14 Jan 2013 • by Natalie Aster

As of 2011, there were over 37,400 HNWIs in Indonesia, with a combined wealth of US$241 billion. The total number of HNWIs in Indonesia increased by 67% during the review period (2007–2011), while HNWI wealth rose by 91%. This was the highest growth for any major country in the world, above the likes of China (41% growth) and India (32% growth). The wealth of HNWIs in Indonesia was positively influenced by an appreciation of the local currency against the US dollar, strong local equity and real estate markets. The total number of HNWIs in Indonesia is forecast to grow by 123%, to reach just over 83,500 individuals by 2016. This represents a higher growth than other emerging markets such as China (83% growth) and India (103% growth).
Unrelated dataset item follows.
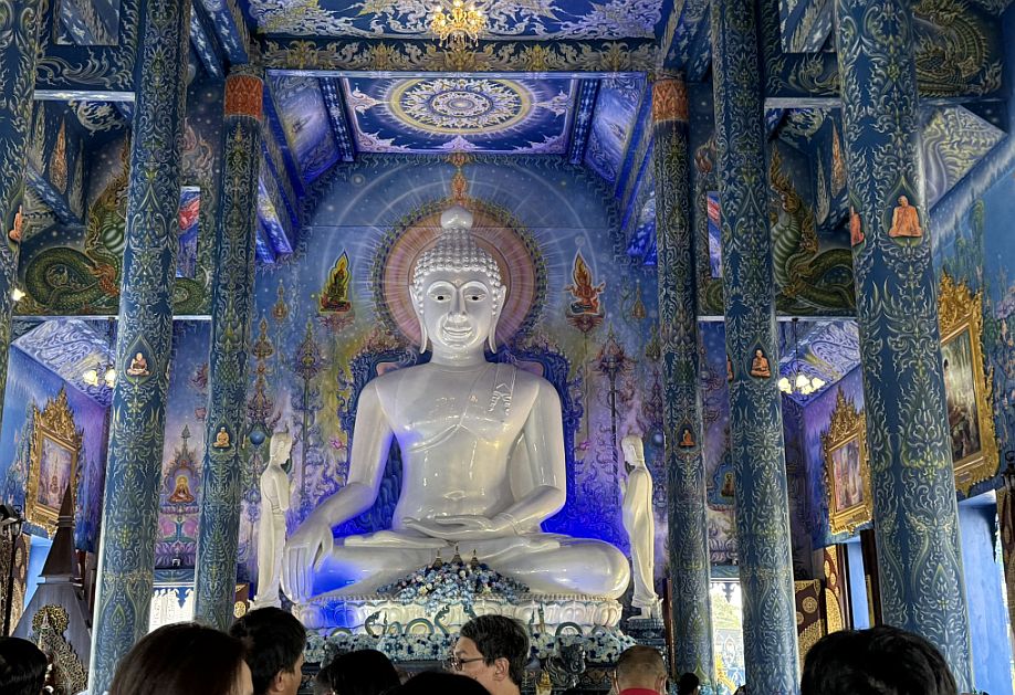 The contrast is striking, the interior is saturated in deep blue tones, with swirling, almost cosmic murals covering the walls, while the Buddha statue is pure white, glowing and serene.
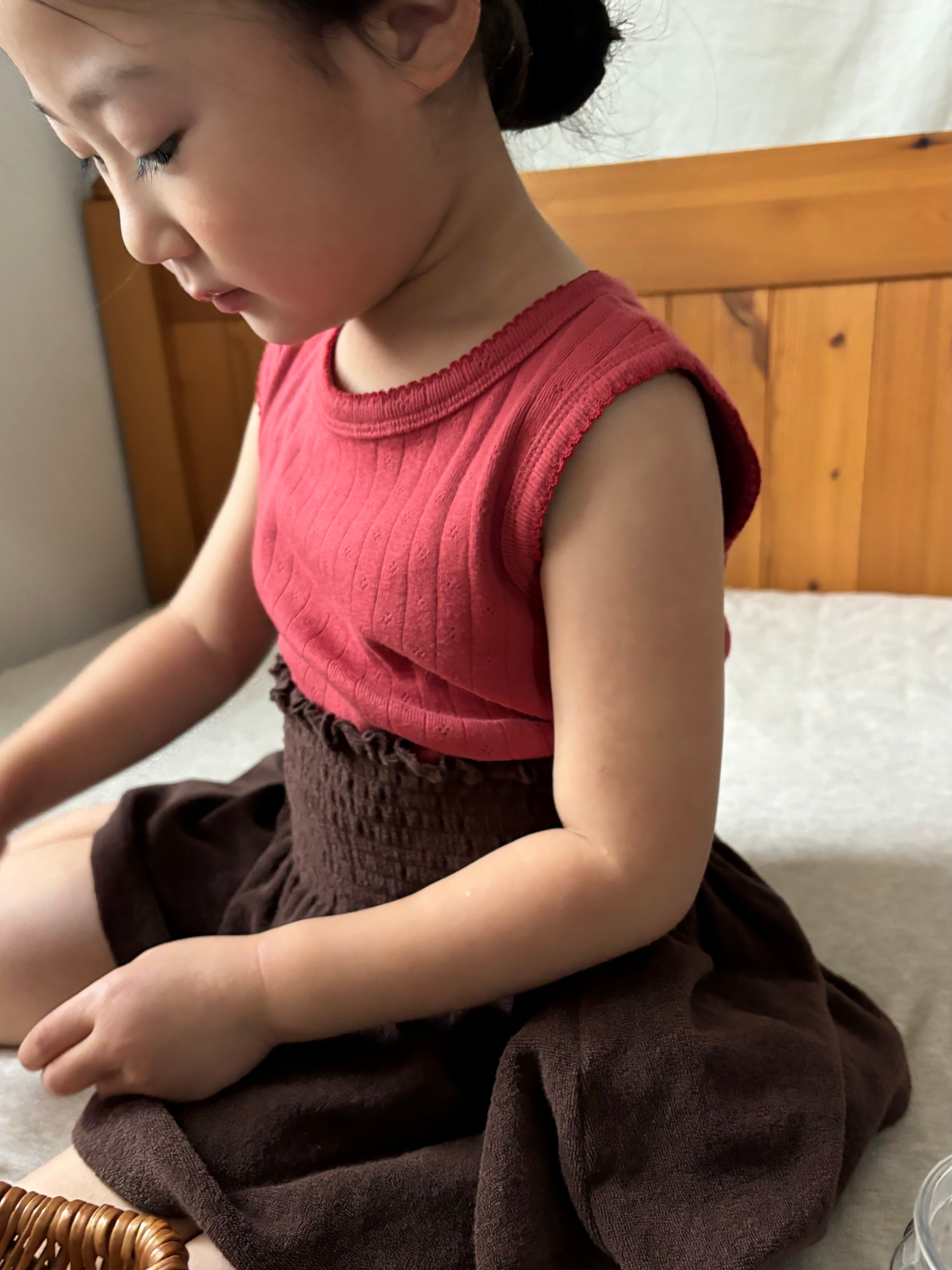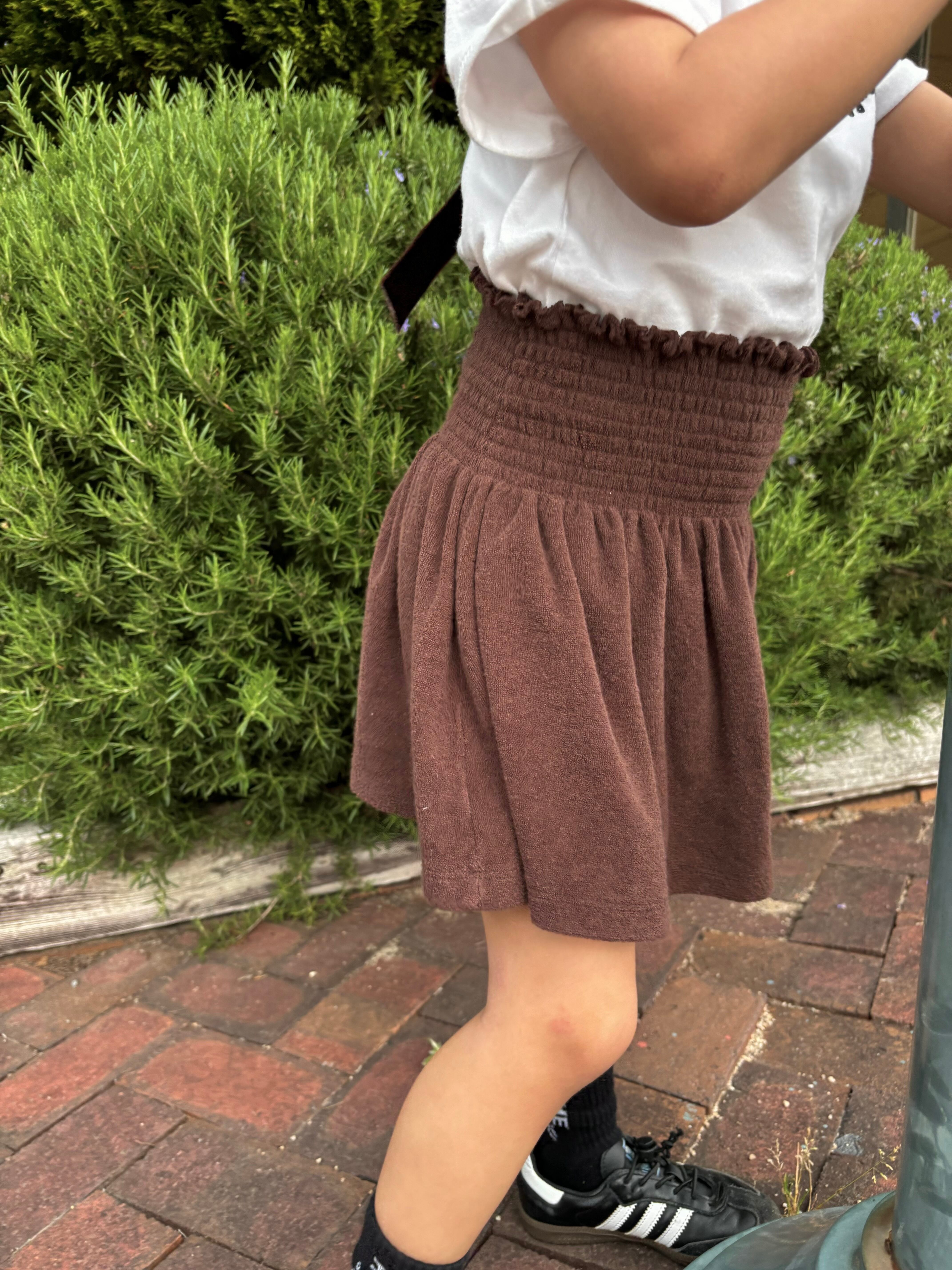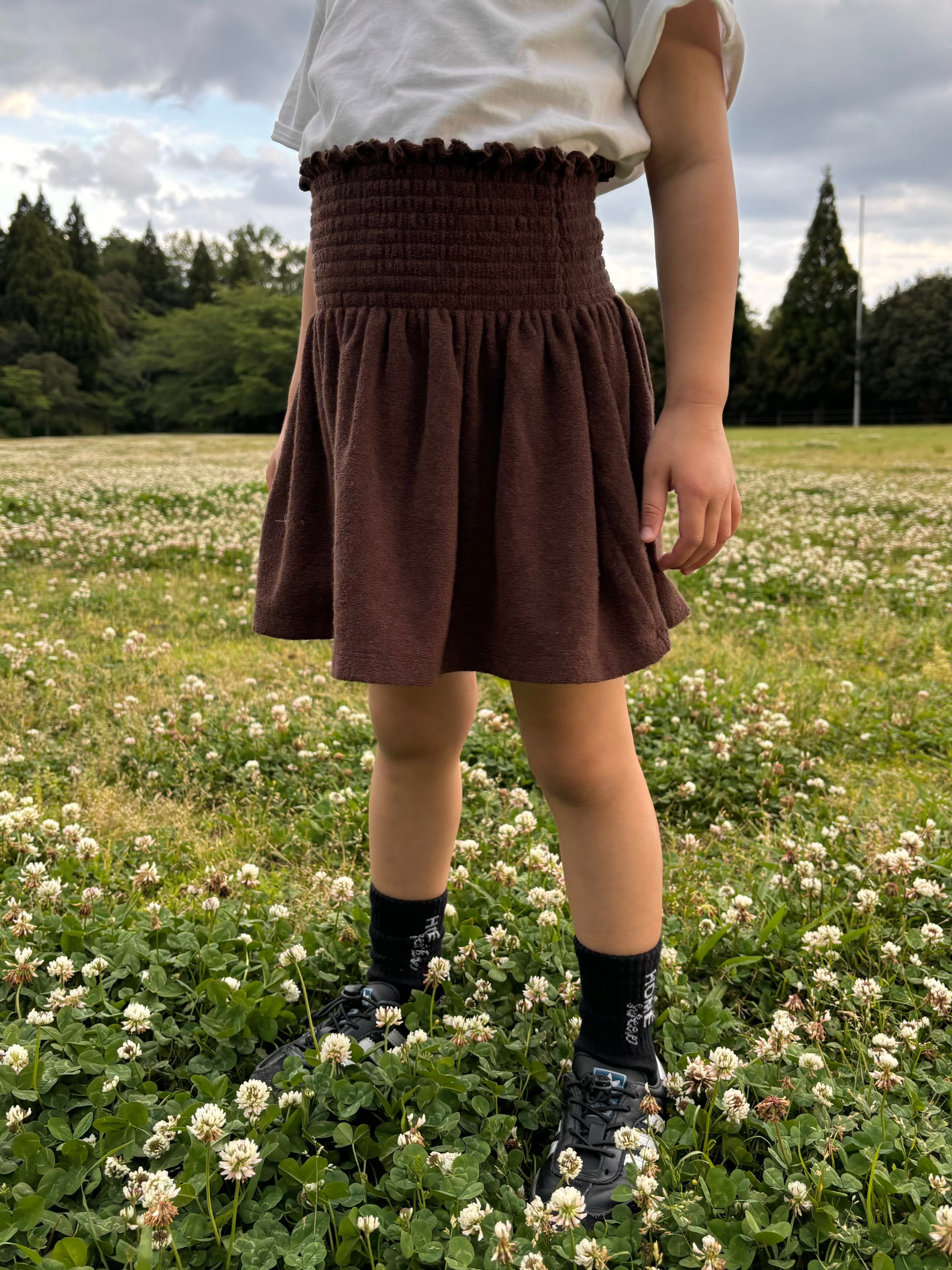 ウエストはスモッキング仕様でしっかりフィットしつつ、締めつけ感のないやさしい着心地に。

The new report "Indonesia – 2012 Wealth Book: Asia’s Emerging Giant" by WealthInsight states that in 2011, equities were the largest asset class for HNWIs in Indonesia (25.4% of total HNWI assets), followed by real estate (24.6%), cash (14.9%), fixed income (14.2%) and alternatives (7.2%). Business interests’ recorded the strongest growth over the review period, driven by new business formation in the country. Equities were the worst performing asset class, mainly due to the poor performance of foreign equity markets. Over the forecast period, equities are expected to be the top-performing asset class for HNWIs, followed by business interests, real estate and alternatives. Consequently, there will be a movement away from cash and fixed income products towards equities. WealthInsight’s research shows that in 2011, 38% of Indonesian HNWIs had second homes abroad. The largest destination for these homes is Singapore, followed by London.

Report Details:

Indonesia – 2012 Wealth Book: Asia’s Emerging Giant
Published: October, 2012
Pages: 119
Price: US$ 4,995.00

By the end of 2011, HNWIs in Indonesia held 30% of their wealth outside of Indonesia, which is in line with the average for worldwide HNWIs. In 2011, the rest of the Asia Pacific region made up 42.9% of the foreign assets of Indonesian HNWIs. This was followed by North America with 26.4%, Europe with 18%, Latin America with 7.3%, the Middle East with 3.7% and Africa with 2.2%.Over the forecast period, WealthInsight expects local HNWIs to further decrease their level of investment in Europe to 15.2% of foreign HNWI assets by 2016, due to ongoing concerns regarding the euro and a possible double-dip recession in Europe.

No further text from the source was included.